This article was about improving the formula and delivery of an antidote for opioid overdoses. The antidote used is known by the trade name Narcan, but it is called naloxone by chemists.This is a pressing issue because overdose deaths from heroin and prescription opioids have skyrocketed over the past decade in the United States. Naloxone is a competitive receptor antagonist and competes for the same receptors as opioid agonists. It pushes those drugs out and substitutes in their place. Naloxone does not activate opioid receptors upon binding, so it produces no opioid high. All it does is prevent those other opioids from acting and it can reverse overdoses in a matter of minutes.
I know from personal experience that we are in a heroin epidemic. Where I'm from (Dover,DE) heroin has hit the city very hard and it's becoming the southern Wilmington. I cannot even go fishing without finding used syringes in the forest. Over the past 15 years, prescription opioid and heroin overdose deaths have quadrupled. Now, Narcan is known to bring overdose victims on the brink of death back to life, but improvements in how it is delivered can still be made.
One of the problems is that naloxone is only available by prescription in 38 states and naloxone is what prevents an overdose from becoming fatal. Many people who overdose are in the presence of another person and that person may hesitate to call for help; in fear of the victim or themselves being arrested. Time is a huge factor in determining life or death, and waiting for paramedics to administer the treatment is not good enough. That is why some medical professionals feel that naloxone should be available to people who take opioid medication and people who are addicts. They feel that naloxone should be in the medicine cabinet of all patients taking opioid pain medication or for families of addicts. However, the only FDA-approved way of administering naloxone is through intravenous or intramuscular injection , and that can be troublesome for people not trained in that manner.

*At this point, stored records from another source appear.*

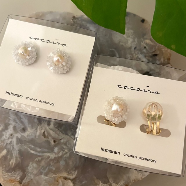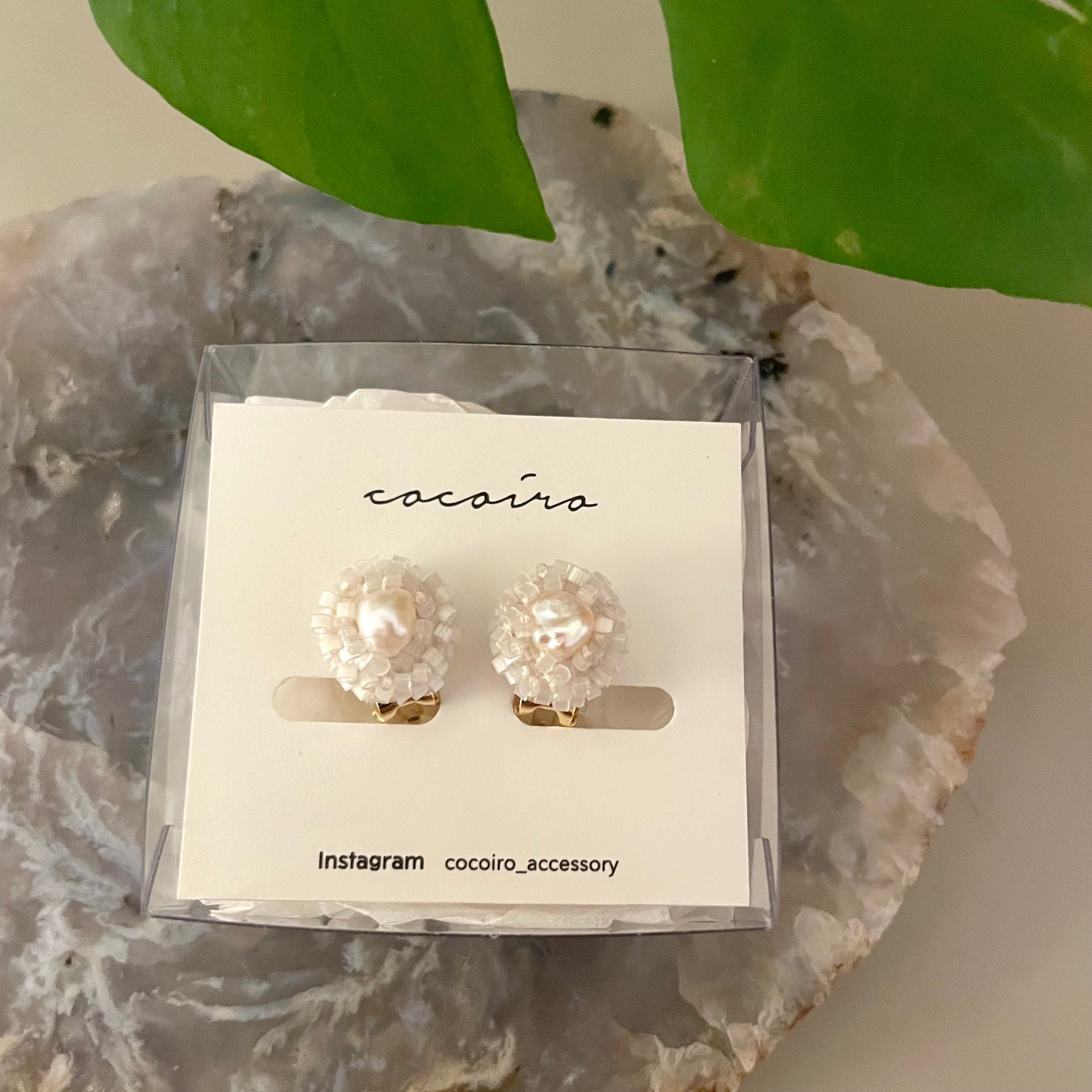 ころんとしたフォルムが愛らしい、cocoiroのピアス/イヤリング。美しいホワイトのビーズを丁寧に編み上げ、中心には上品な光沢を放つ淡水パールをあしらいました。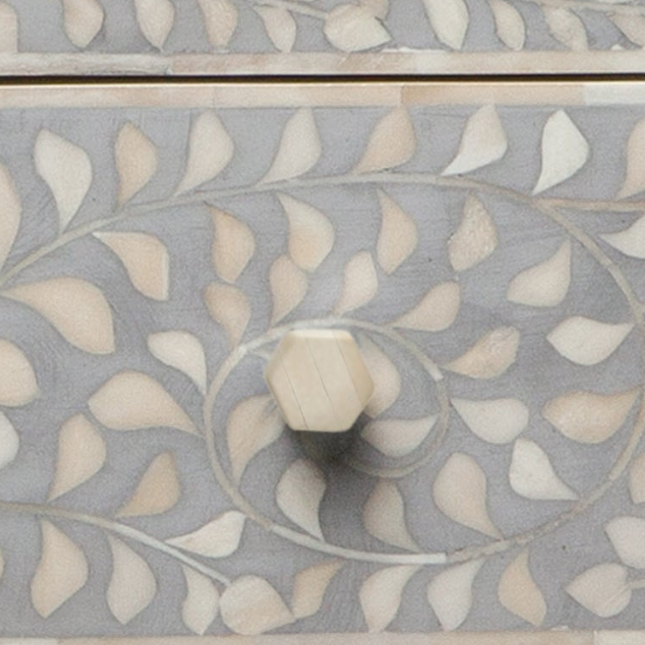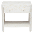 Our Lexi nightstand features clipped corners and a beautiful design, highlighting a simplified and updated Indian pattern. Created with camel bone painstakingly hand-set in resin. The simple structure of the piece allows the craftsmanship to shine while highlighting a worldly sensibility.
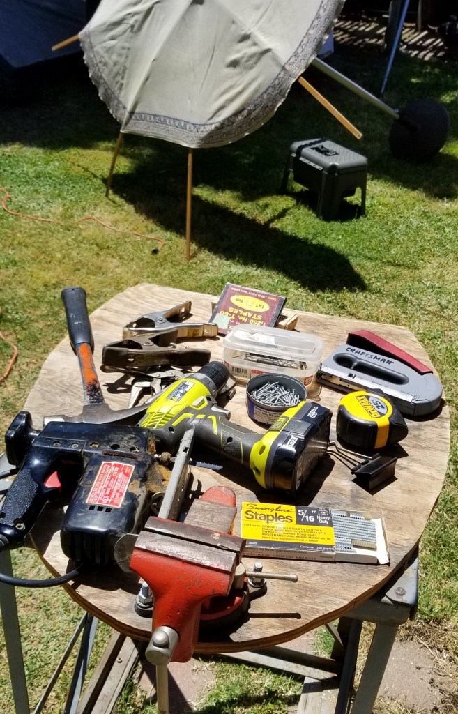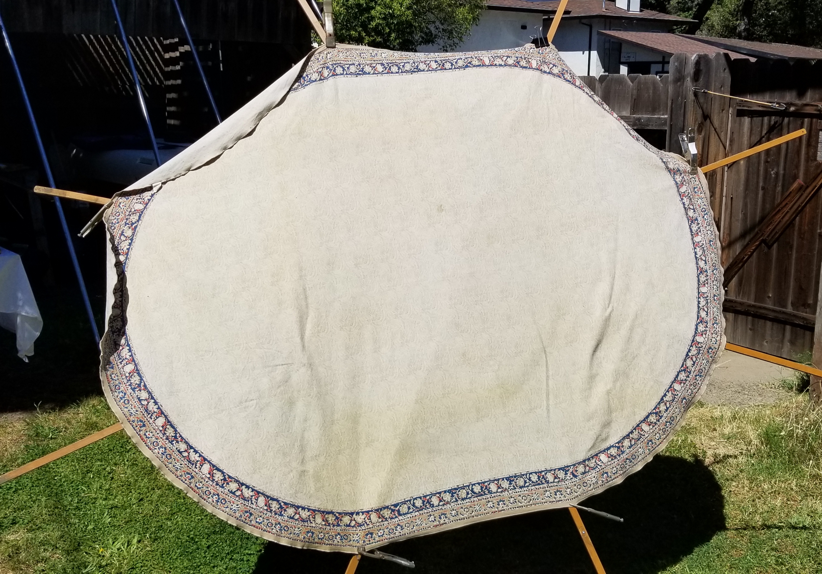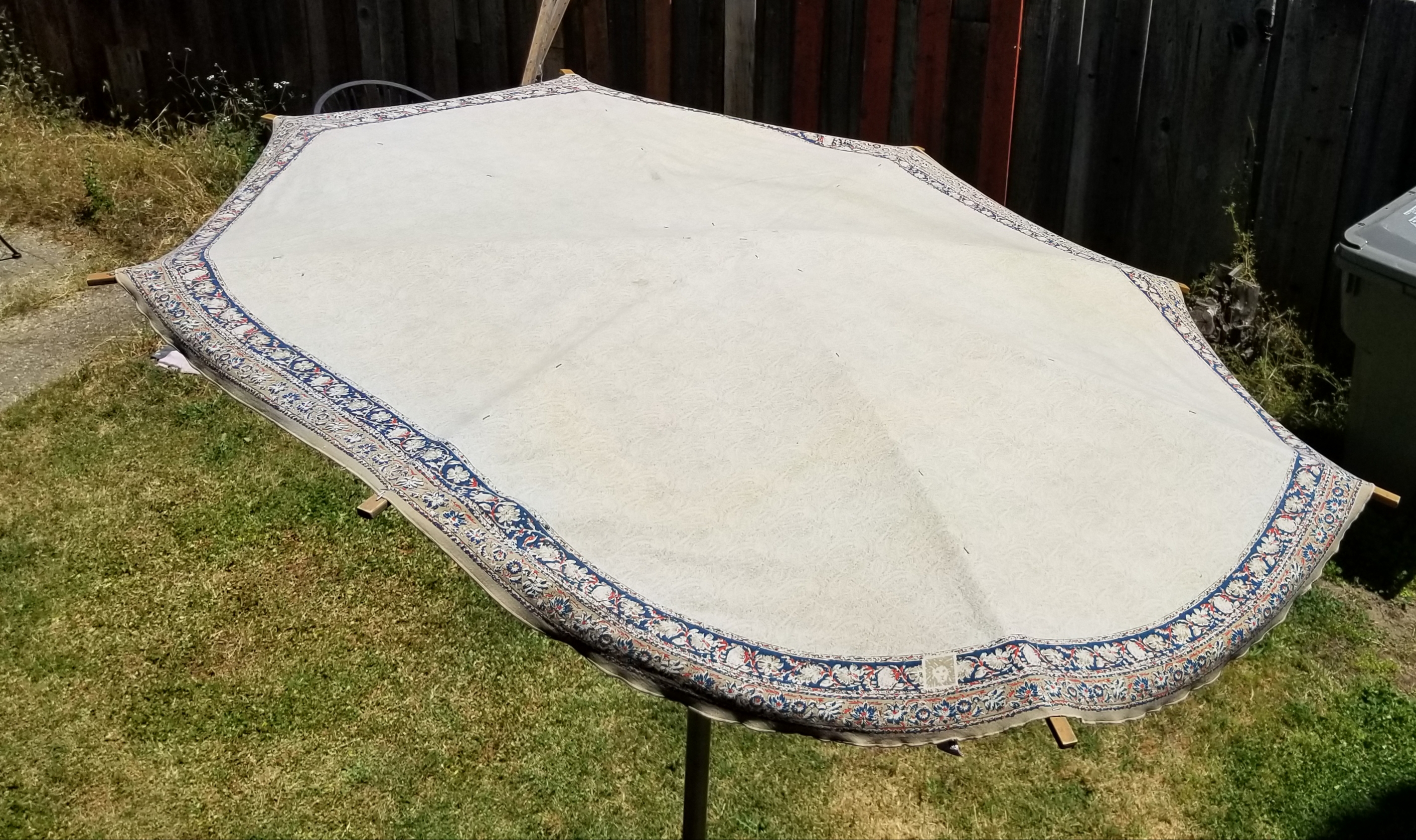 The nice old round cotton tablecloth I inherited from somewhere. I used it as a dust cover for years in the garage.

Giving an overdose victim an injection is also dangerous because many opioid abusers could have bloodborne diseases such as Hepatitis C or HIV and expose people to it. To get over this problem successful intranasal naloxone delivery systems were developed,but they have a high rate of error with dosage amounts and people must be trained to use them. Therefore, development of nasal-delivered naloxone with the same effectiveness as injection-delivered naloxone was created. The FDA required injection-like pharmacokinetic properties for approval of any intranasal version of naloxone. The new nasal spray contains a solution of naloxone 40 times as concentrated as the original intranasal naloxone delivery system. The new product is easy to use and another product, an autoinjector, has been created to be easy to use by the addict or first responder (which could be anybody). For the autoinjector, "the company’s scientists went through 22 different naloxone formulations before finding one that had a long shelf life and could withstand high temperatures, Williamson says. They also studied how people interact with Evzio to ensure it was easy to use." In addition, "As the opioid crisis expands, elected officials are beginning to support efforts to get naloxone into the hands of first responders and bystanders. President Barack Obama’s 2017 budget includes $500 million to expand overdose prevention, including improving access to naloxone."